As the disciples got into the boat, the wind dropped (Mt 14:32). There was a great silence. That’s where God’s gentle presence is to be found. In today’s first reading, we had a similar situation.  On Mount Horeb, as Elijah was waiting to experience the divine presence, a strong wind rent the mountain, but the Lord was not there in the wind. Then, there was an earthquake and the Lord was not there in the earthquake. After that, there was a fire and the Lord was not in the fire. After the fire, there was a tiny whispering sound and the Lord was in that whisper. Instead of the “whispering sound” some translations like the NRSV have, “there was sheer silence.” The NRSV has caught the real meaning of the phrase. Elijah experienced God in the silence. In today’s gospel episode, after the storm, there was a great calm. Turbulences occur before a theophany to prepare the receiver. But at the actual theophany often there is silence or a voice from heaven (Mt 3:17).

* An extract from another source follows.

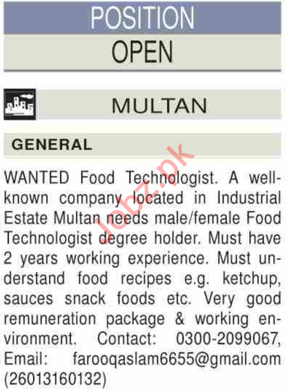 Apply as per details in job advertisement. Login to view further details of how to apply via https://www.jobz.pk online.
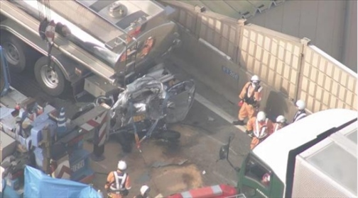 ·日本高速發(fā)生連撞事故,一轎車被擠壓至30厘米厚,車內(nèi)一對70余歲夫婦當場死亡。

Noise is not a sign of divine presence. God speaks to the human heart in the silence of the heart or of nature. We have too many noises and voices around us. Modern civilization is a cacophony rather than one of harmony. Harmony is where God dwells. It is into the harmony and silence that God speaks. God keeps speaking all the time in the silence of nature and in the silence of our hearts. But are our hearts silent? Do we await God to speak in the silence of our hearts? Is there silence in and around us so that we clearly hear him talking to us? I do not know. Noise often accompanies our Godless modernity. We are all caught up in that noisy culture. Our children and youth are often its agents. Silence is a long-lost value in our modern civilization. Can we rediscover silence so that we may hear our fast-losing Absolute, i.e. God? Yet, God is in control. Can we listen to some heart-soothing music rather than sonorous cacophonies? Shutting our ears to illusory voices and noises of deception, shall we keep our ears wide open to hear him?

Happy Sunday! Bon Dimanche! Buona Domenica! Schönen Sonntag! Gelukkige Zondag! Szczęśliwej Niedzieli! Sretna Nedjelja!